* _Instructions to follow_: Going through the material below, output exactly the lines from the one containing "洋室6.3 LDK11.7 |" through the one containing "一大波补贴、福利!为鼓励港澳", and no pictures.

* _Entries supplied_:
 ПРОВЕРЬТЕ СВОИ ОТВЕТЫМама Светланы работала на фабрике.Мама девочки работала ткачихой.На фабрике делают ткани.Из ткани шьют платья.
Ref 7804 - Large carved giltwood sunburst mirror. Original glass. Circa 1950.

--

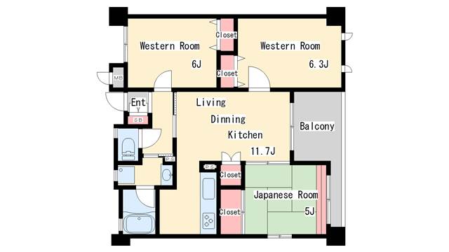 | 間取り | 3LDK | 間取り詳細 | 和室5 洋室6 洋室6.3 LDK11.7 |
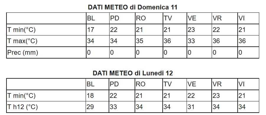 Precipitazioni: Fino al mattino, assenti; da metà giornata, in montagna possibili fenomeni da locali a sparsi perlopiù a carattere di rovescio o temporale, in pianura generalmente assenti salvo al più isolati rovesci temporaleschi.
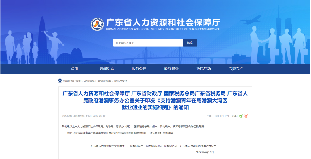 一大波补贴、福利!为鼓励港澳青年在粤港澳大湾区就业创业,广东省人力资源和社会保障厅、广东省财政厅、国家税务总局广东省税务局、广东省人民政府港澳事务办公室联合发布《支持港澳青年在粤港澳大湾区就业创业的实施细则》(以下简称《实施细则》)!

* _Exercise solution_:
 | 間取り | 3LDK | 間取り詳細 | 和室5 洋室6 洋室6.3 LDK11.7 |
 Precipitazioni: Fino al mattino, assenti; da metà giornata, in montagna possibili fenomeni da locali a sparsi perlopiù a carattere di rovescio o temporale, in pianura generalmente assenti salvo al più isolati rovesci temporaleschi.
 一大波补贴、福利!为鼓励港澳青年在粤港澳大湾区就业创业,广东省人力资源和社会保障厅、广东省财政厅、国家税务总局广东省税务局、广东省人民政府港澳事务办公室联合发布《支持港澳青年在粤港澳大湾区就业创业的实施细则》(以下简称《实施细则》)!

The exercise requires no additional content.